ASSIGNED TASK
All lines in the records below from the line with "I DATI DI FLUSSO" through the line with "Born in 1923, Lim" are to be given again exactly, both ends included; the pictures are to be left out.

---------- MATERIAL PROVIDED ----------

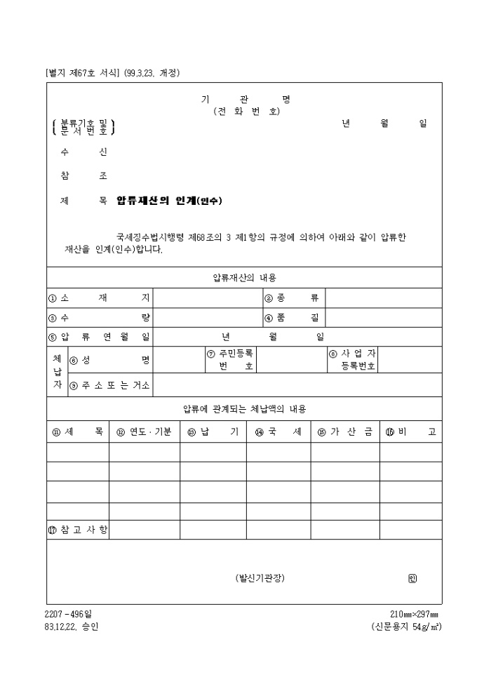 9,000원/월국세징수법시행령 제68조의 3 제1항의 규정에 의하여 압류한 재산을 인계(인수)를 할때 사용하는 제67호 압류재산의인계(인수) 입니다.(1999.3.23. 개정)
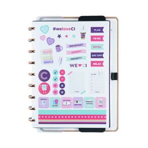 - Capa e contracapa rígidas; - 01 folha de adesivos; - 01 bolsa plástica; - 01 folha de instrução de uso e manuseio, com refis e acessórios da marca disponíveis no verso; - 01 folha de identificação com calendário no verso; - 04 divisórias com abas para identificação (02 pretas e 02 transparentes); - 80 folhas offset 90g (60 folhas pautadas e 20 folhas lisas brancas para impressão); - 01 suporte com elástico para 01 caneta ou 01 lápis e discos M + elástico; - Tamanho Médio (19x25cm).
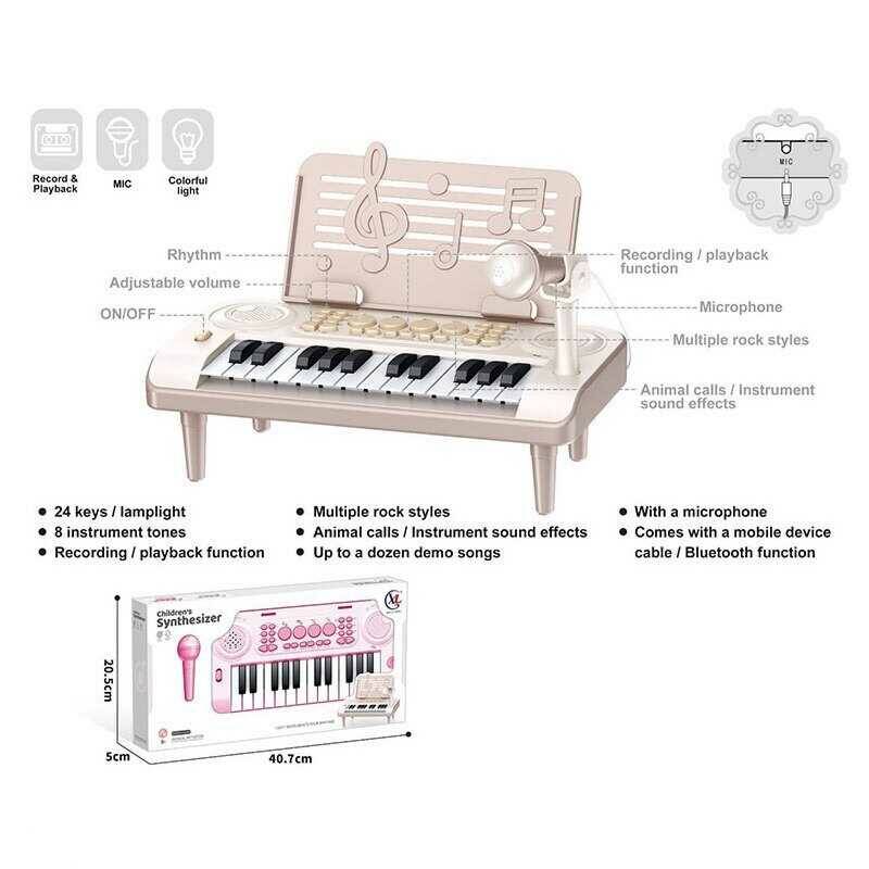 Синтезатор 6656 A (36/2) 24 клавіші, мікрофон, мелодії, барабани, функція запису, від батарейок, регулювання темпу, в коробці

----------
---------- MATERIAL PROVIDED ----------

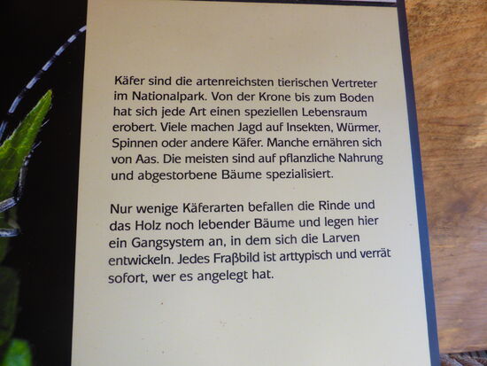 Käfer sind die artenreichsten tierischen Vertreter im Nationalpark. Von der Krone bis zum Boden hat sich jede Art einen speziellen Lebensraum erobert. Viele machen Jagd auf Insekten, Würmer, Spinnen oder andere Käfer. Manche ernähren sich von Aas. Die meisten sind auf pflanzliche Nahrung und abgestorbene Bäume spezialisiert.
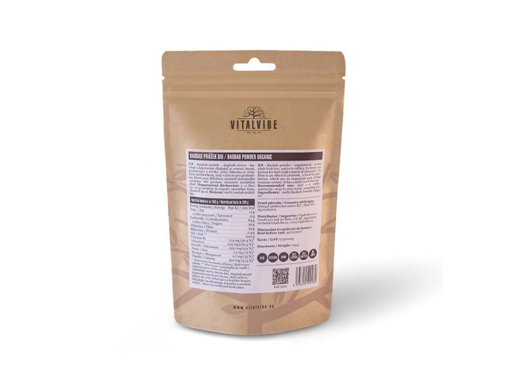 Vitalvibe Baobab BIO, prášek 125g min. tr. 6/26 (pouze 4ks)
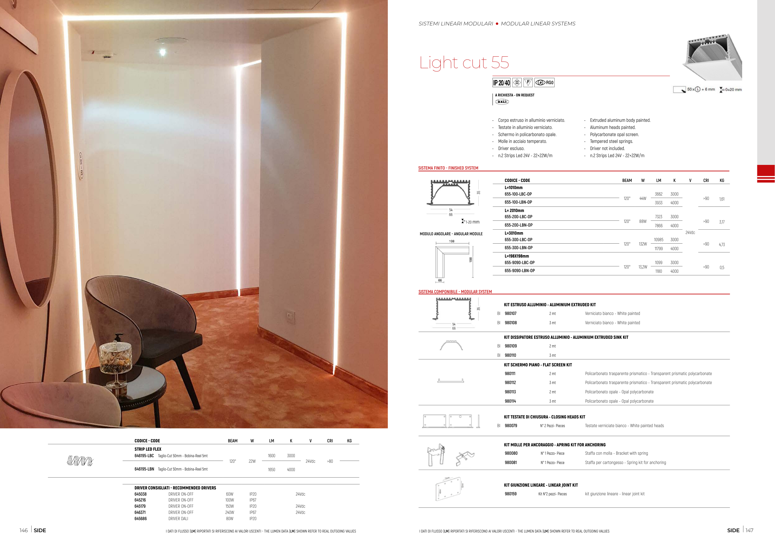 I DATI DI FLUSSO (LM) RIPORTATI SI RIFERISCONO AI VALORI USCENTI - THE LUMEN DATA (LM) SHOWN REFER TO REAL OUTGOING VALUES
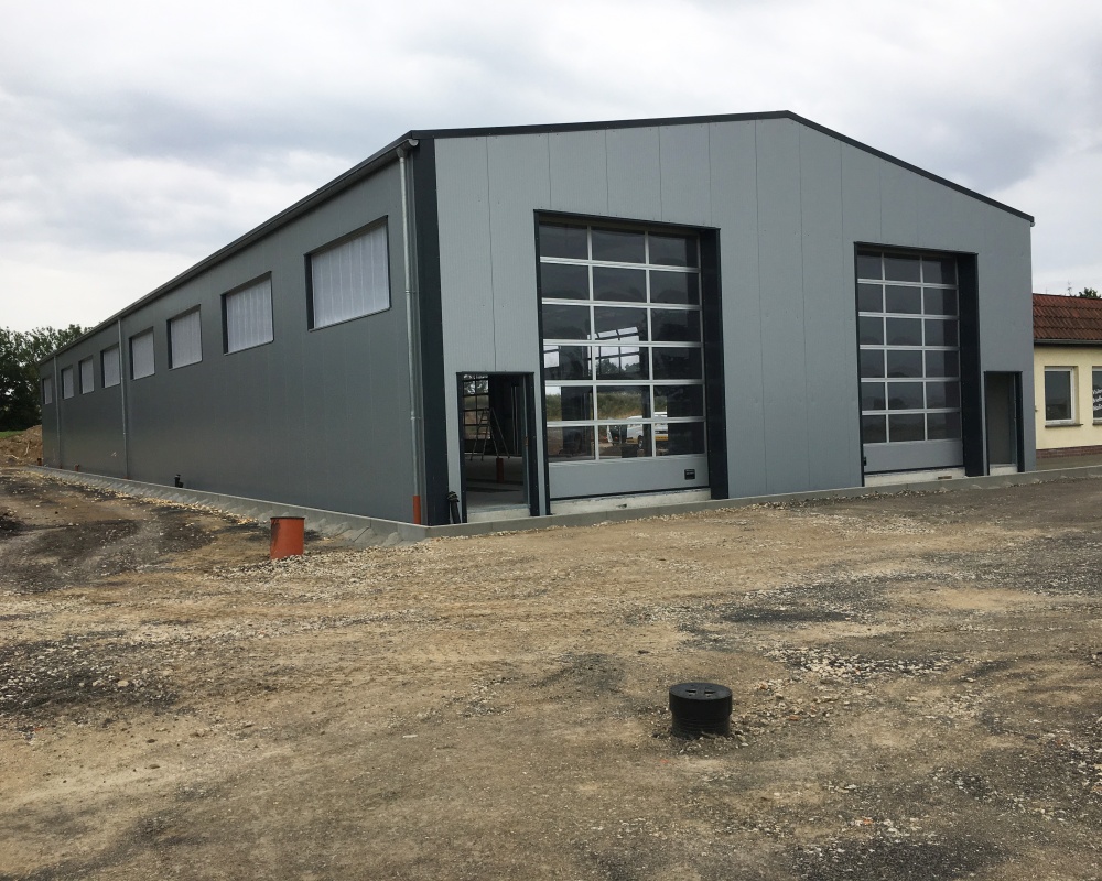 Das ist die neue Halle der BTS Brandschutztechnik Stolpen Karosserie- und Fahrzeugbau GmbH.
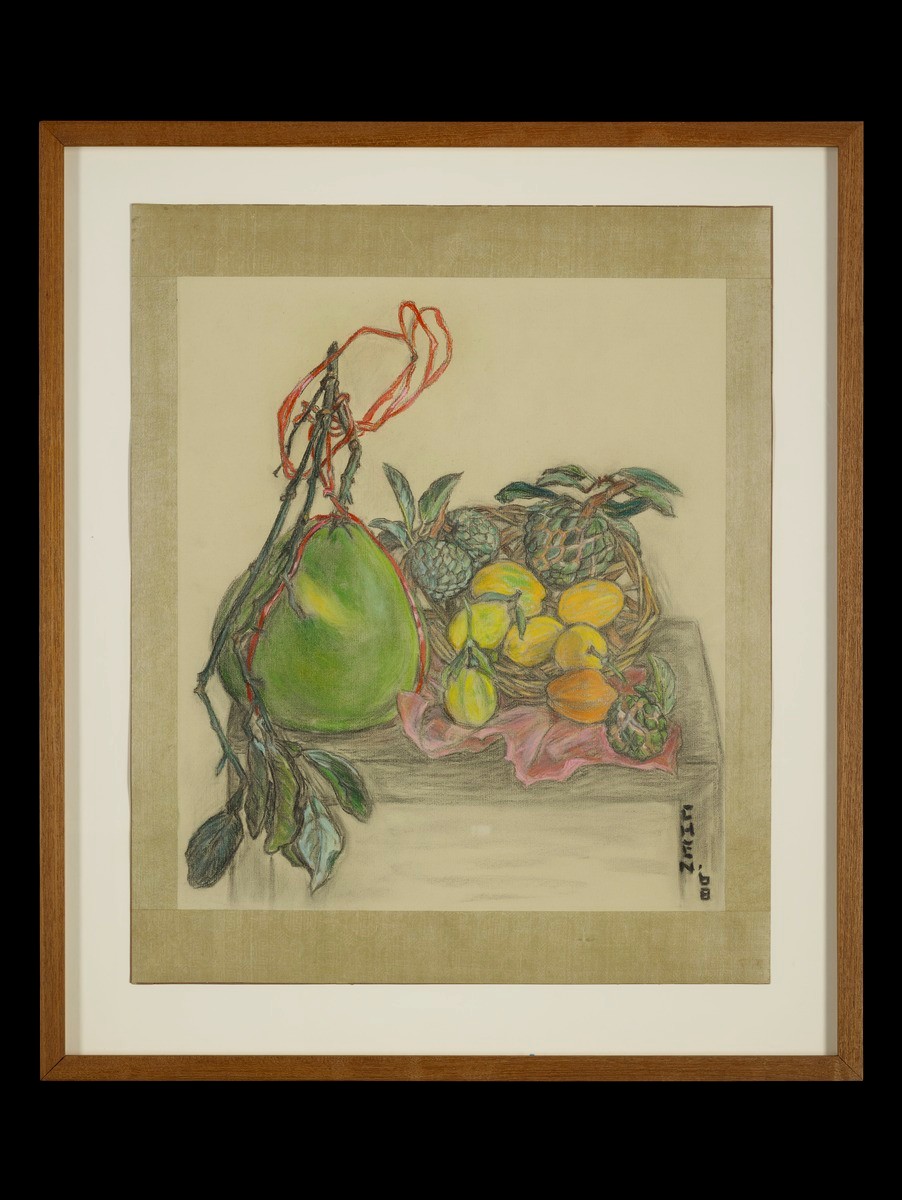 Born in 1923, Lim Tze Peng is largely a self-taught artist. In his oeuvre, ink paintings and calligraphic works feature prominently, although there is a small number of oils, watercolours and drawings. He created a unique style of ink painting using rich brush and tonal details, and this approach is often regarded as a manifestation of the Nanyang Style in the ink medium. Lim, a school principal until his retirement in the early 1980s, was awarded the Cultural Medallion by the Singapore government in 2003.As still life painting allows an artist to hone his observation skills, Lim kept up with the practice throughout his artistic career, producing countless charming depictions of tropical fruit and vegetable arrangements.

----------

COMPLETED EXERCISE
 I DATI DI FLUSSO (LM) RIPORTATI SI RIFERISCONO AI VALORI USCENTI - THE LUMEN DATA (LM) SHOWN REFER TO REAL OUTGOING VALUES
 Das ist die neue Halle der BTS Brandschutztechnik Stolpen Karosserie- und Fahrzeugbau GmbH.
 Born in 1923, Lim Tze Peng is largely a self-taught artist. In his oeuvre, ink paintings and calligraphic works feature prominently, although there is a small number of oils, watercolours and drawings. He created a unique style of ink painting using rich brush and tonal details, and this approach is often regarded as a manifestation of the Nanyang Style in the ink medium. Lim, a school principal until his retirement in the early 1980s, was awarded the Cultural Medallion by the Singapore government in 2003.As still life painting allows an artist to hone his observation skills, Lim kept up with the practice throughout his artistic career, producing countless charming depictions of tropical fruit and vegetable arrangements.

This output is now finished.